▸ AIM OF THE EXERCISE: The response should be an exact transcription of the data below, free of images.

▸ LISTED ENTRIES:
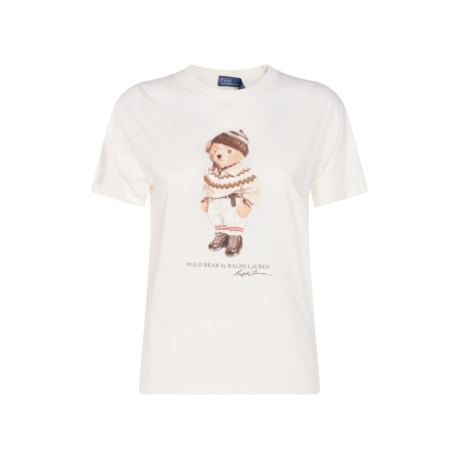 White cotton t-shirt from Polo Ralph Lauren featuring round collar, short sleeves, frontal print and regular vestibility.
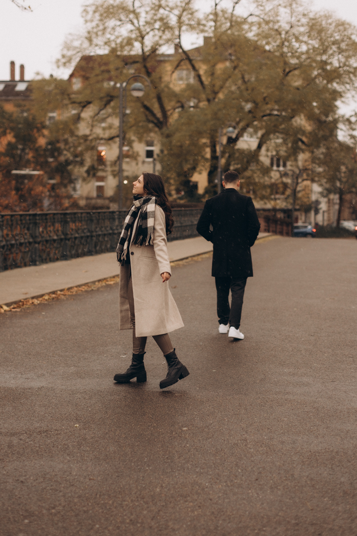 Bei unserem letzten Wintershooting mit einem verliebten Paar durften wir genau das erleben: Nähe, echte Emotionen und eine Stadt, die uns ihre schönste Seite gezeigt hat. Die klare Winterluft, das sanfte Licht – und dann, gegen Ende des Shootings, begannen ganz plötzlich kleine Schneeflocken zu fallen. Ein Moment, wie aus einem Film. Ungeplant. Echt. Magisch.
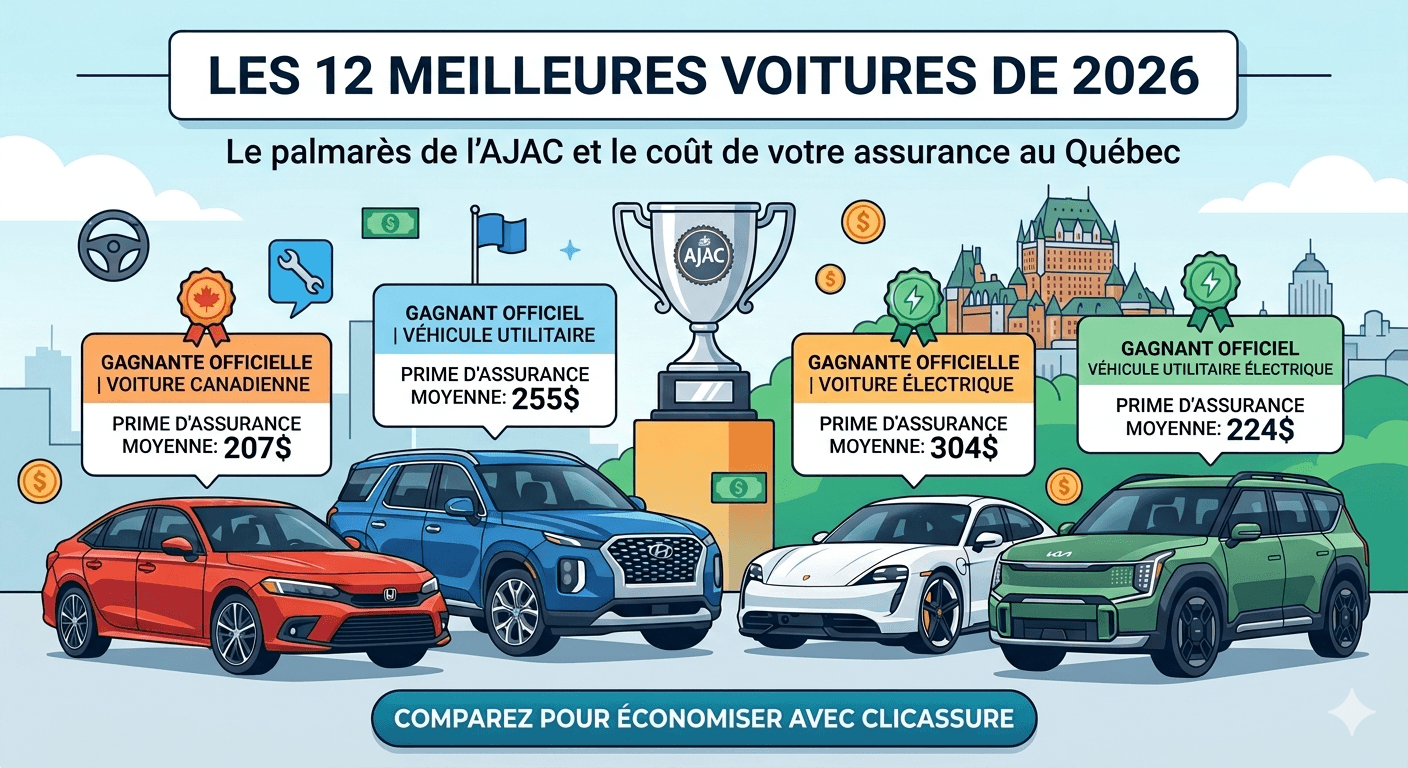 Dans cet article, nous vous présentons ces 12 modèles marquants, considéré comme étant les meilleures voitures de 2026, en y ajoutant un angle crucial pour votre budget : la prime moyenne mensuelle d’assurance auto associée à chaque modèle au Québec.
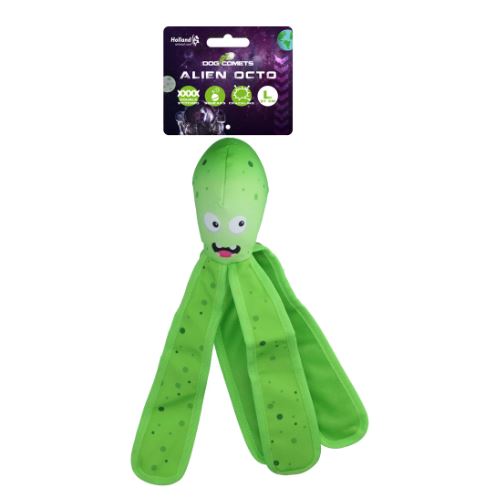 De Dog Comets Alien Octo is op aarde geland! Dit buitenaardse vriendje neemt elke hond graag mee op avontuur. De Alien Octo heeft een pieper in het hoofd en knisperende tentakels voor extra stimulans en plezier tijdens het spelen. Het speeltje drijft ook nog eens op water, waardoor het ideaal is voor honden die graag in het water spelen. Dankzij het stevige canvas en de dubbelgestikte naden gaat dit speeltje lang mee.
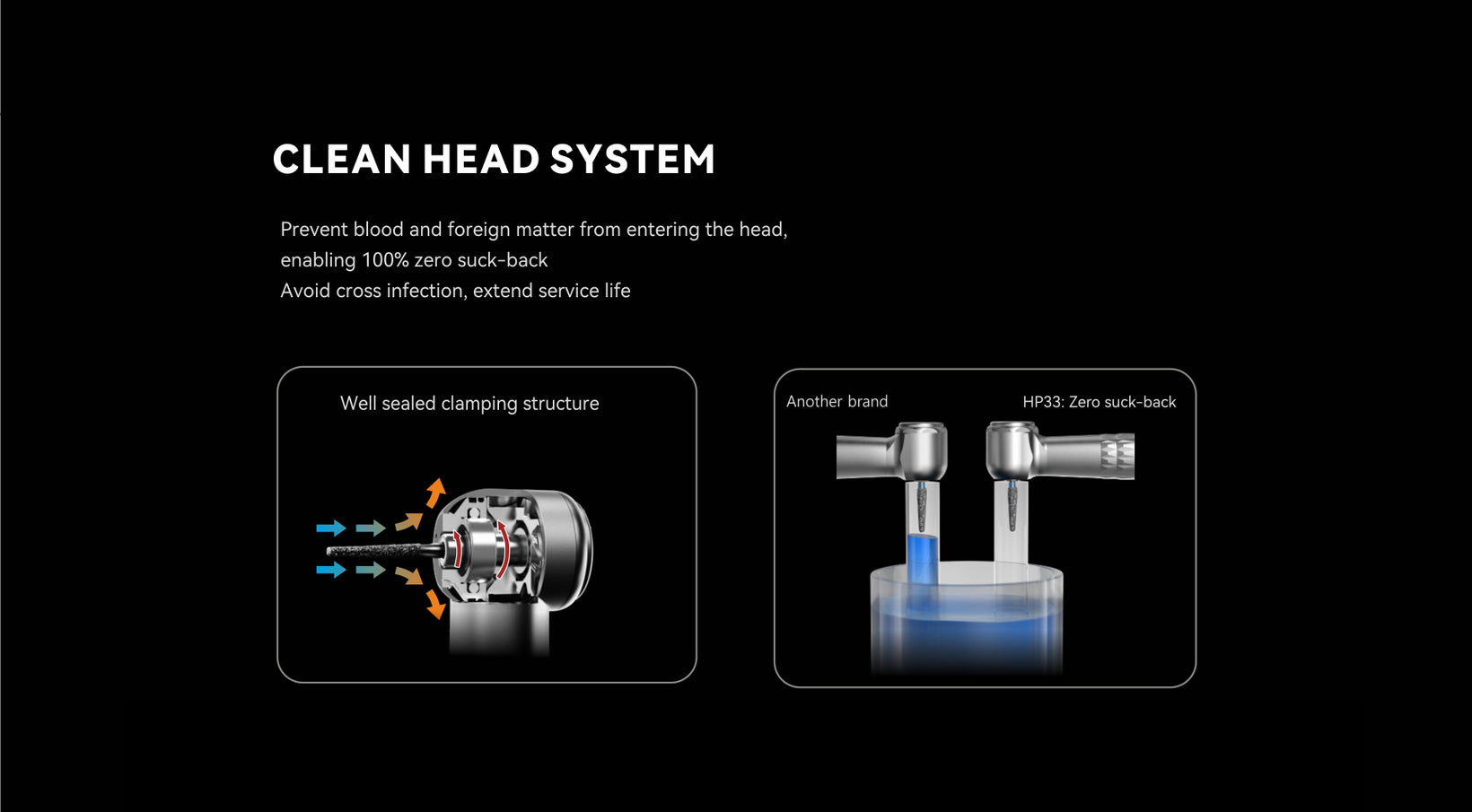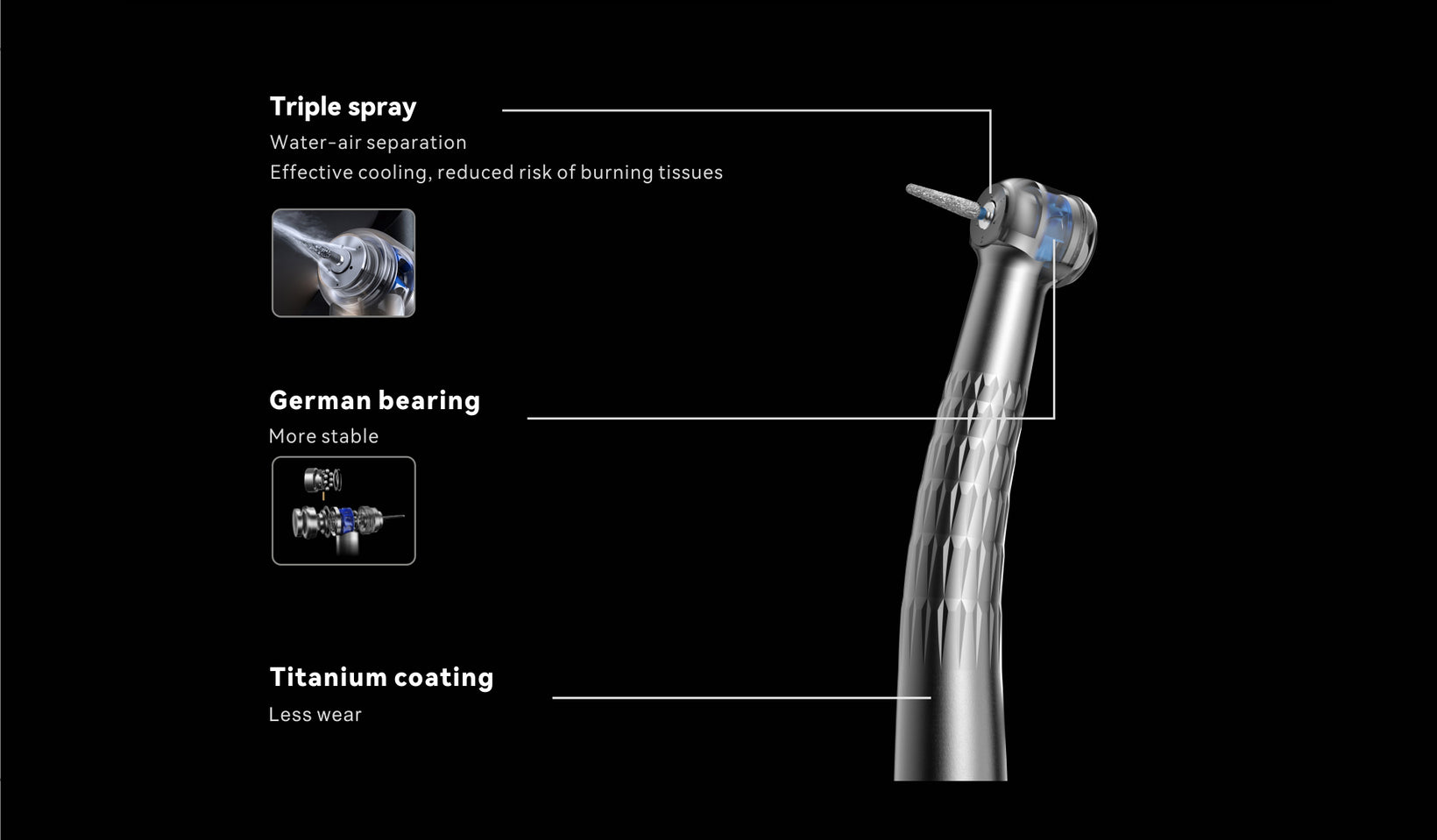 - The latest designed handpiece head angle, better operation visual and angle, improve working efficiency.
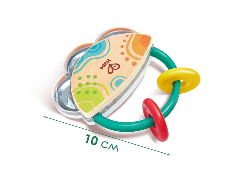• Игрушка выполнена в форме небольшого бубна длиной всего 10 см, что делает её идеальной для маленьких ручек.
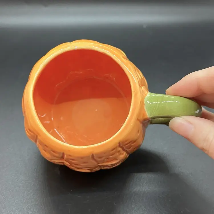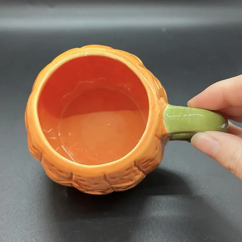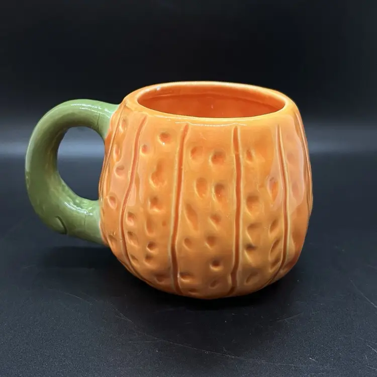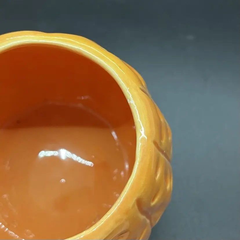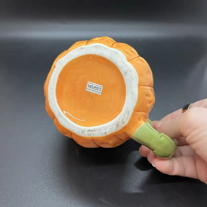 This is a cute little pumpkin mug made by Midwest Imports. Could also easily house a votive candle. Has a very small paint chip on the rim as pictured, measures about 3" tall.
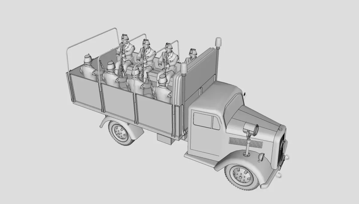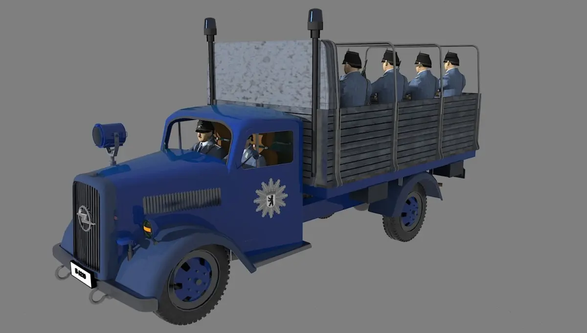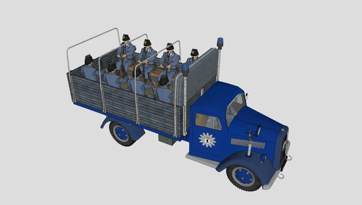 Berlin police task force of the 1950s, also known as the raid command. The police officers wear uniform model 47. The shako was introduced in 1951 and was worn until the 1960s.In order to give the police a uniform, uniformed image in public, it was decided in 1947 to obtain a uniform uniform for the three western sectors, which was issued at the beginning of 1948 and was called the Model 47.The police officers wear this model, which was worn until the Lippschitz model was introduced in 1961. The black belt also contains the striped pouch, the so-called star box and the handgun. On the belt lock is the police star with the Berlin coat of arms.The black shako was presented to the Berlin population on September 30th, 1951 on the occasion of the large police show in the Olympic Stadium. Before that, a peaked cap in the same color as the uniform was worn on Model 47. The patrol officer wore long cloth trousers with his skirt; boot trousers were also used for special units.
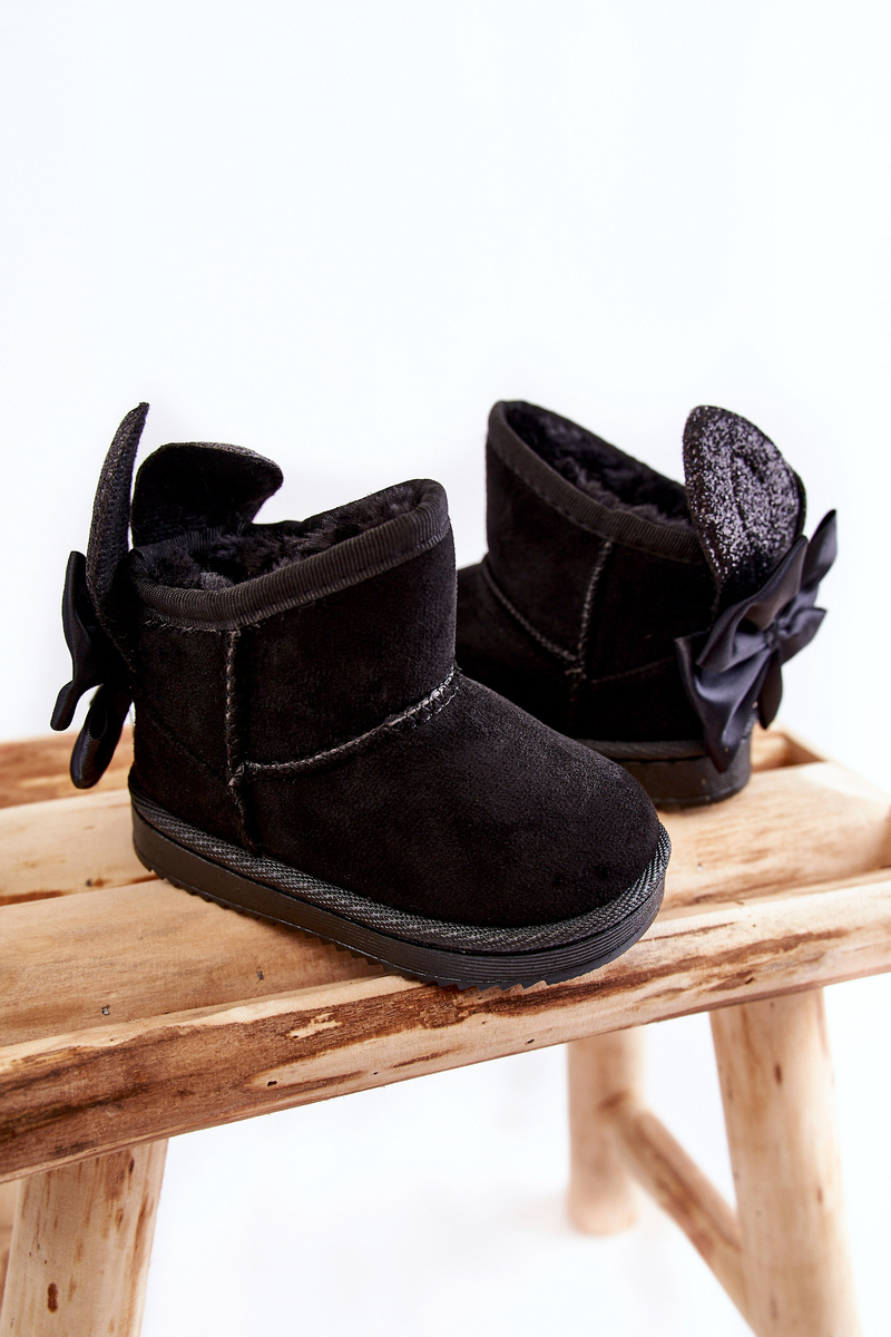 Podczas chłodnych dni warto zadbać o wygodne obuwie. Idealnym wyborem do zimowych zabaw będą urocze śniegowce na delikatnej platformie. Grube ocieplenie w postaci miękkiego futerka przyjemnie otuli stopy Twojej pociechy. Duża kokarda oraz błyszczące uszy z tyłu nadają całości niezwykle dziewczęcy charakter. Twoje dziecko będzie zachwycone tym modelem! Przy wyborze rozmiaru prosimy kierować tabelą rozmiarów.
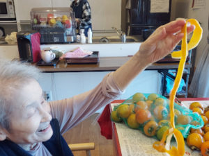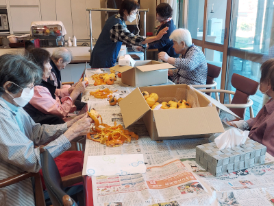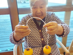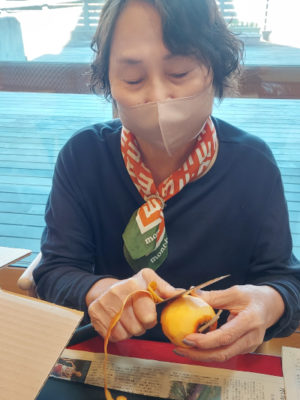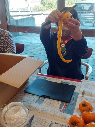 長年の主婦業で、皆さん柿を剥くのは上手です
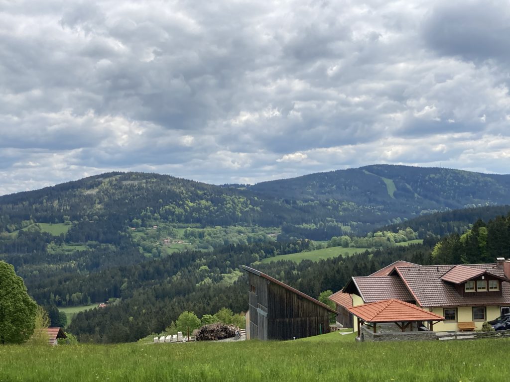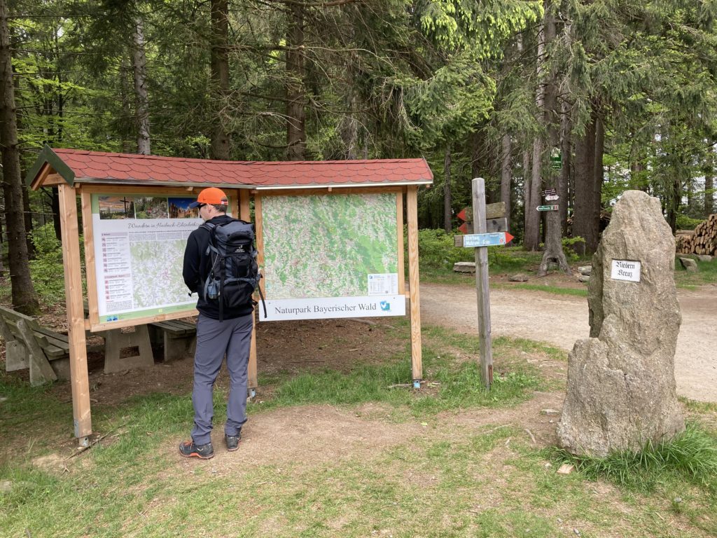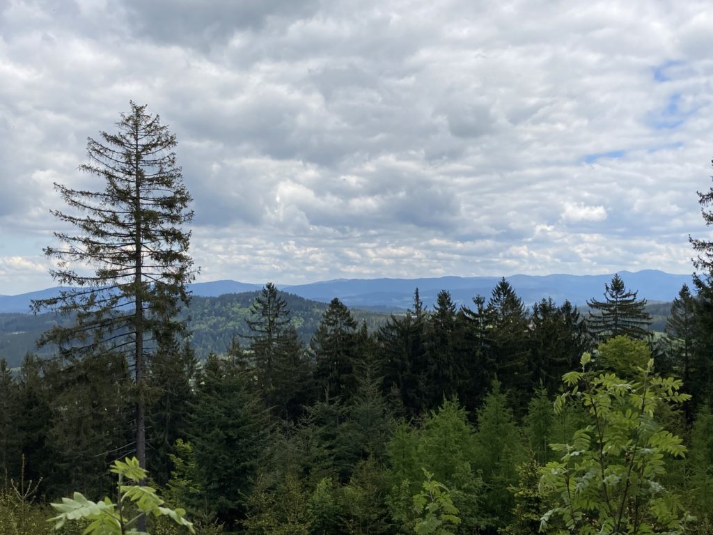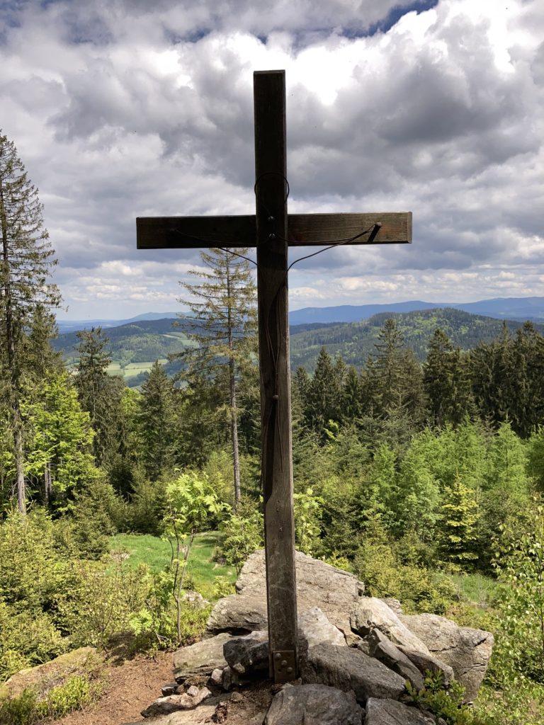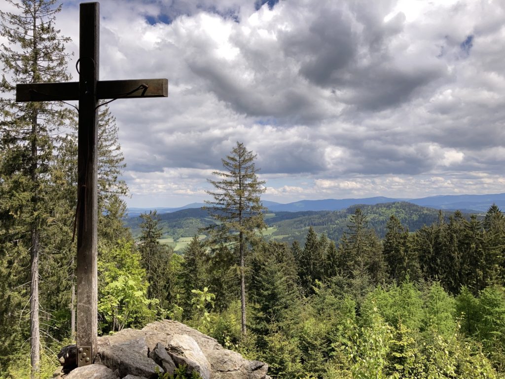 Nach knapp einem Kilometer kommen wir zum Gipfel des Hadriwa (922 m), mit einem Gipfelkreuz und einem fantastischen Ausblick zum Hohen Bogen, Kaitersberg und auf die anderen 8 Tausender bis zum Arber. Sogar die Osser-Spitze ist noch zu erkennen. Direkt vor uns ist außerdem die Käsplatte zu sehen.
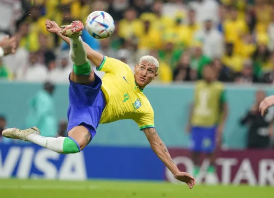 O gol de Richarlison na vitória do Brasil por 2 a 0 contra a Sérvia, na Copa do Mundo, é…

▸ RESPONSE:
 White cotton t-shirt from Polo Ralph Lauren featuring round collar, short sleeves, frontal print and regular vestibility.
 Bei unserem letzten Wintershooting mit einem verliebten Paar durften wir genau das erleben: Nähe, echte Emotionen und eine Stadt, die uns ihre schönste Seite gezeigt hat. Die klare Winterluft, das sanfte Licht – und dann, gegen Ende des Shootings, begannen ganz plötzlich kleine Schneeflocken zu fallen. Ein Moment, wie aus einem Film. Ungeplant. Echt. Magisch.
 Dans cet article, nous vous présentons ces 12 modèles marquants, considéré comme étant les meilleures voitures de 2026, en y ajoutant un angle crucial pour votre budget : la prime moyenne mensuelle d’assurance auto associée à chaque modèle au Québec.
 De Dog Comets Alien Octo is op aarde geland! Dit buitenaardse vriendje neemt elke hond graag mee op avontuur. De Alien Octo heeft een pieper in het hoofd en knisperende tentakels voor extra stimulans en plezier tijdens het spelen. Het speeltje drijft ook nog eens op water, waardoor het ideaal is voor honden die graag in het water spelen. Dankzij het stevige canvas en de dubbelgestikte naden gaat dit speeltje lang mee.
 - The latest designed handpiece head angle, better operation visual and angle, improve working efficiency.
• Игрушка выполнена в форме небольшого бубна длиной всего 10 см, что делает её идеальной для маленьких ручек.
 This is a cute little pumpkin mug made by Midwest Imports. Could also easily house a votive candle. Has a very small paint chip on the rim as pictured, measures about 3" tall.
 Berlin police task force of the 1950s, also known as the raid command. The police officers wear uniform model 47. The shako was introduced in 1951 and was worn until the 1960s.In order to give the police a uniform, uniformed image in public, it was decided in 1947 to obtain a uniform uniform for the three western sectors, which was issued at the beginning of 1948 and was called the Model 47.The police officers wear this model, which was worn until the Lippschitz model was introduced in 1961. The black belt also contains the striped pouch, the so-called star box and the handgun. On the belt lock is the police star with the Berlin coat of arms.The black shako was presented to the Berlin population on September 30th, 1951 on the occasion of the large police show in the Olympic Stadium. Before that, a peaked cap in the same color as the uniform was worn on Model 47. The patrol officer wore long cloth trousers with his skirt; boot trousers were also used for special units.
 Podczas chłodnych dni warto zadbać o wygodne obuwie. Idealnym wyborem do zimowych zabaw będą urocze śniegowce na delikatnej platformie. Grube ocieplenie w postaci miękkiego futerka przyjemnie otuli stopy Twojej pociechy. Duża kokarda oraz błyszczące uszy z tyłu nadają całości niezwykle dziewczęcy charakter. Twoje dziecko będzie zachwycone tym modelem! Przy wyborze rozmiaru prosimy kierować tabelą rozmiarów.
 長年の主婦業で、皆さん柿を剥くのは上手です
 Nach knapp einem Kilometer kommen wir zum Gipfel des Hadriwa (922 m), mit einem Gipfelkreuz und einem fantastischen Ausblick zum Hohen Bogen, Kaitersberg und auf die anderen 8 Tausender bis zum Arber. Sogar die Osser-Spitze ist noch zu erkennen. Direkt vor uns ist außerdem die Käsplatte zu sehen.
 O gol de Richarlison na vitória do Brasil por 2 a 0 contra a Sérvia, na Copa do Mundo, é…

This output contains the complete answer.